SPOILER:[spoiler] Here is my solution. It takes 2n-4 knocks, where n is the number of doors. So with 17 doors, worst case is 30 knocks. Knock door 2, then 3, 4, etc up to n-1. Then knock n-1 again, then n-2, and continue down to 2, and you should have her.

Here’s the analysis for n=4 doors. Knock door 2. Now we know she is in room 1, 3, or 4. Then knock door 3. She must be in room 2 or 4. Door 3 again, and she must be in room 1, so knock 2 and get her![/spoiler]

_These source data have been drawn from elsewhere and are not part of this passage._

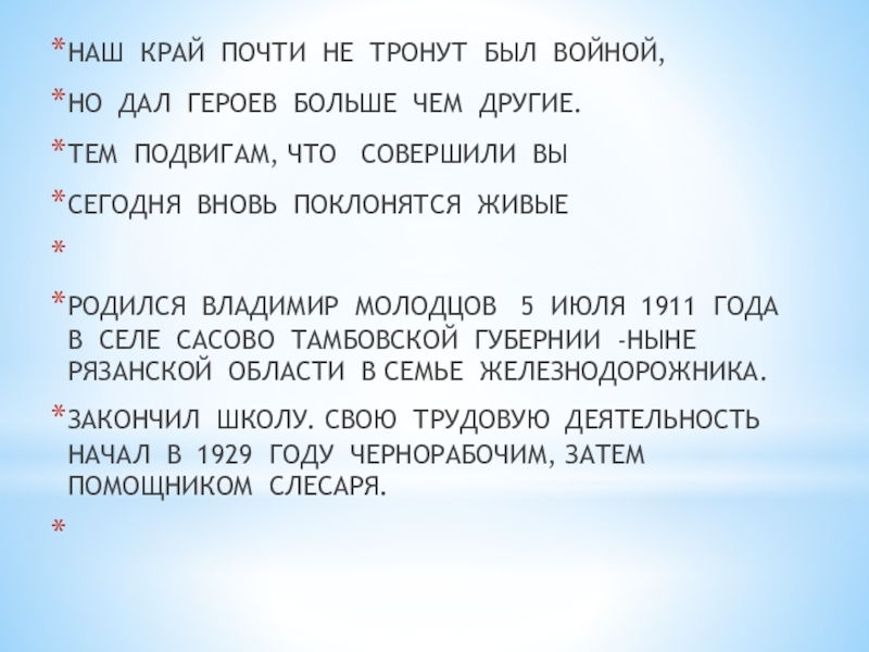 РОДИЛСЯ ВЛАДИМИР МОЛОДЦОВ 5 ИЮЛЯ 1911 ГОДА В СЕЛЕ САСОВО ТАМБОВСКОЙ ГУБЕРНИИ -НЫНЕ РЯЗАНСКОЙ ОБЛАСТИ В СЕМЬЕ ЖЕЛЕЗНОДОРОЖНИКА.
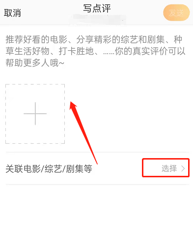 3、选择关联的作品,添加文字、图片,进行真实评论,最后点击发送即可。
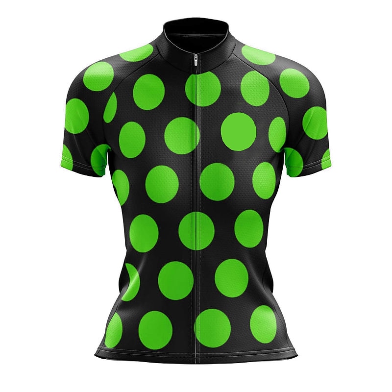 Highlights - Designed for women - Made with stretchy materials for optimal comfort and mobility - Perfect for athleisure wear and a wide range of outdoor activities - Quick-drying properties allow for fast moisture absorption and evaporation - Moisture-wicking technology helps to keep you dry and comfortable - Features a stylish dot design - Ideal for both mountain bike MTB and road bike cycling adventures.
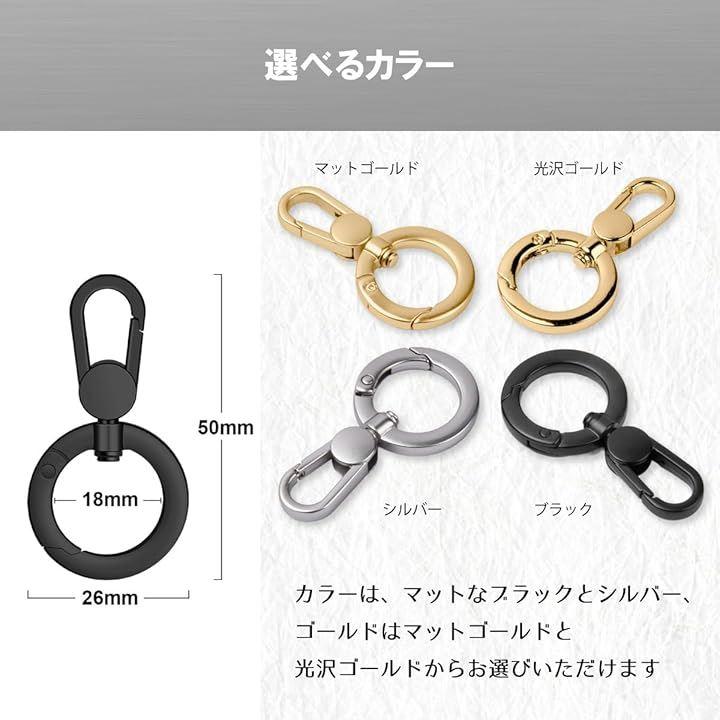 360°回転・大きめリングで自由度アップ スマホケースや小型バッグに取り付けできる 高品質カラビナフック。
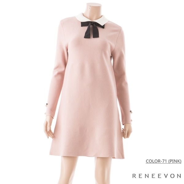 -레이온 혼방소재로 편안한 A라인 원피스입니다. -소매의 진주장식와 칼라가 여성스러운 느낌을 주며, 탈부착이 가능한 리본끈으로 귀여운 포인트를 주었습니다.
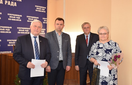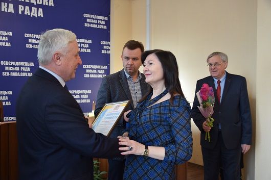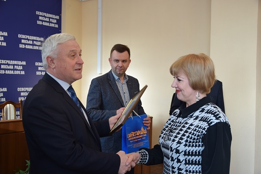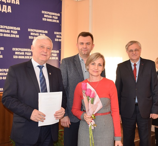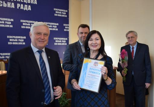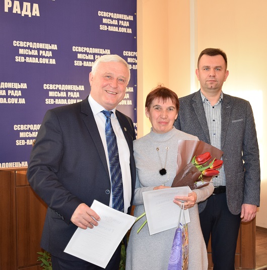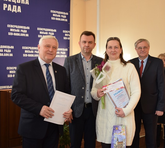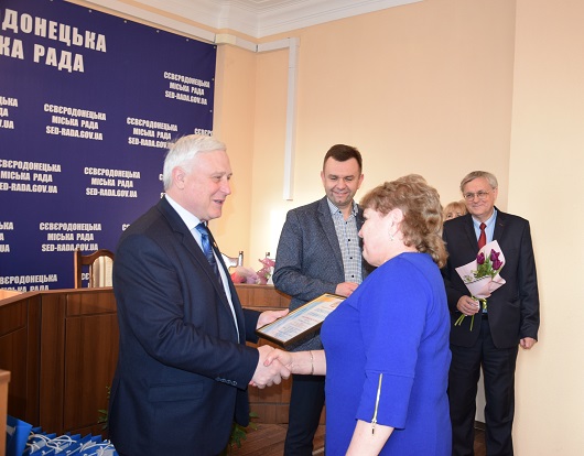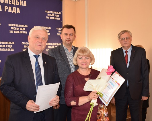 Грамотами виконавчого комітетута цінними подарунками - годинниками з символікою міста Сєвєродонецька:
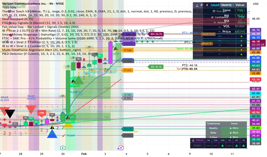 Status TableSimple 2-column table showing:TimeframeTrendWeekly▲ BULLDaily▲ BULL4 Hour▲ BULL30 Min▲ BULLStatus✓ BULLISH ALIGNED
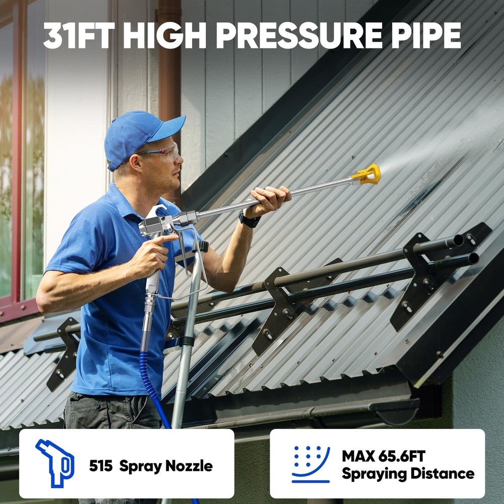 airless paint sprayer 【POWERFUL MOTOR】 airless paint sprayer has a 1200W motor that delivers a flow rate of 1.2L/min, which is 5X faster than roller painting, helping you to save your spraying time. 【TWO USE METHODS】This electric paint sprayer is very simple to use with the push of a switch, which has a direct nozzle and a 12-inch extension pole that can be used in two ways, making it easy for you to spray near and far. 【EVEN SPRAYING】With an adjustable spray pressure of up to 3300PSI, our electric paint sprayer is capable of efficient and even spraying, and is equipped with a 515 nozzle to make the paint more delicate, presenting a professional spray effect. 【COMPACT DESIGN】stand airless sprayer weights only 16.5 lbs, and is also designed with a multi-purpose portable handle and a 29.5 ft. long hose storage rack, making it not only convenient to store, but also easy to move and carry. 【WIDE APPLICATION】The paint sprayer machine is suitable for home interior and exterior, furniture, fences, decks, garage, etc., making it an excellent spraying companion. And please you can contact us if you have any problems in using.
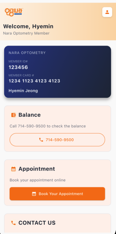 나라옵토메트리 멤버십 카드 앱
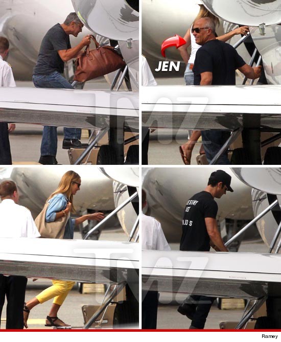 Τα γεγονότα έχουν ως εξής: Ο Τζωρτζ Κλούνεϊ, συνοδευόμενος από την αγαπημένη του και την Τζένιφερ Άνιστον πήραν το ιδιωτικό του τζετ και πέταξαν από την Ελβετία στο Λονδίνο στα μέσα της εβδομάδας. Η Τζένιφερ προσπάθησε να κρυφτεί όμως ο φακός των παπαράτσι δεν αστειεύεται…
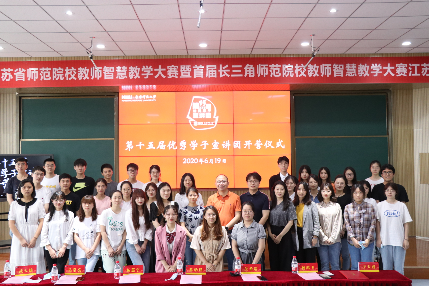 6月19日下午,南京师范大学第十五届优秀学子宣讲团开营仪式在学明楼举行,学工处相关负责老师、第十二届优秀学子宣讲团代表、第十四届优秀学子宣讲团代表以及第十五届优宣团训练营成员共同参加本次活动,开营仪式由教师教育学院辅导员、第十五届优宣团指导老师王天睿主持。
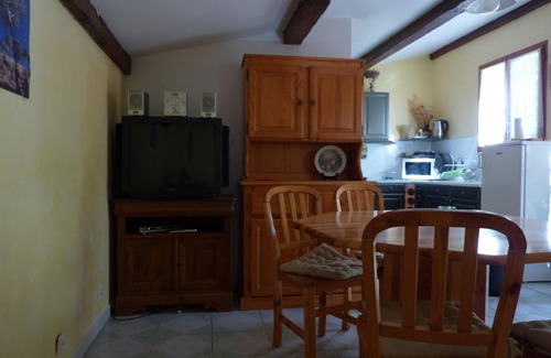 At the foot of Mont Sainte Victoire house of 45 m2 located on the grounds of the owners. Living / dining room with sofa bed for 2 people. Open kitchen. 1 room with 1 bed 2 places. Bathroom with toilet. Garden, terrace with garden furniture with superb views of the mountain of Sainte Victoire. Quiet countryside, ideal for hikers. Private parking. Heating included.
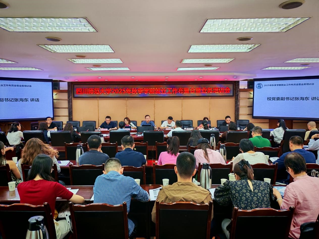 为深入贯彻落实党中央、国务院关于高校毕业生就业工作的决策部署,系统推进2026届毕业生就业工作提质增效,9月19日上午,学校在狮子山校区七教A区六楼会议室召开2025年秋季学期就业工作布置会暨业务培训会。校党委副书记张海东出席会议并讲话,党委学生工作部(武装部)、党委研究生工作部、招生就业处、遂宁校区综合管理委员会主要负责人,各学院党委副书记、2026届毕业生辅导员及就业工作人员参会。会议由招生就业处副处长田伟主持。

Fun puzzle. Looking forward to more.

By: strauss

strauss — Thu, 02 Feb 2012 22:29:06 +0000

That is very cool! This hasn’t happened in nearly 800 years!

By: Tom Semple

Tom Semple — Thu, 02 Feb 2012 22:16:26 +0000

I would note that 2012 is a Dodecahedral Year (20 vertices, 12 faces), or alternatively an Icosahedral year (20 faces, 12 vertices).

By: Blaine

Blaine — Fri, 27 Jan 2012 22:01:12 +0000

Is it okay to discuss the puzzle presented in the podcast here? If anyone wants to continue thinking about the puzzle, please stop reading. SPOILERS to follow.[spoiler] Just like what was suggested, I tried some mental experiments with 3 rooms, 4 rooms and 5 rooms. I think I have a solution that works unless I’ve overlooked something. Part of what makes me think it is correct is that 30 tries is twice 15 middle rooms. Again, if you want to figure this out on your own, consider that hint and stop reading. Okay, enough wasting time, here’s what I think. We (as the suitor) should knock on door #2, twice. If the lady of our desires started in room #2, we’d catch her on the first knock. If she was in room #1, we’d catch her on the second knock. And if we don’t find her, she is now in room #3 or higher. Now repeat the process by knocking on room #3, twice. Again, if she was in room #3 we would catch her (preventing her from slipping by us into room #2). Similarly, the second knock would catch her if she tried to slip by us going from #4 to #3 on the next move). Now we’ve isolated her to room #4 or higher. The process repeats, knocking twice on #4, #5, #6, etc. It seems apparent that when we knock on room #16, we’ll either find her immediately, or if she was in #17, she’ll have no choice but to be caught on our second knock on room #16. In summary, start on door #2 twice, then #3 twice, etc. In the worse case you’ll have to knock twice on door #16, but you’ll be guaranteed of catching her without exceeding 30 knocks. [/spoiler] No doubt she’ll reward us for our ingenuity and logic… or she’ll get a restraining order for stalking. Oh well.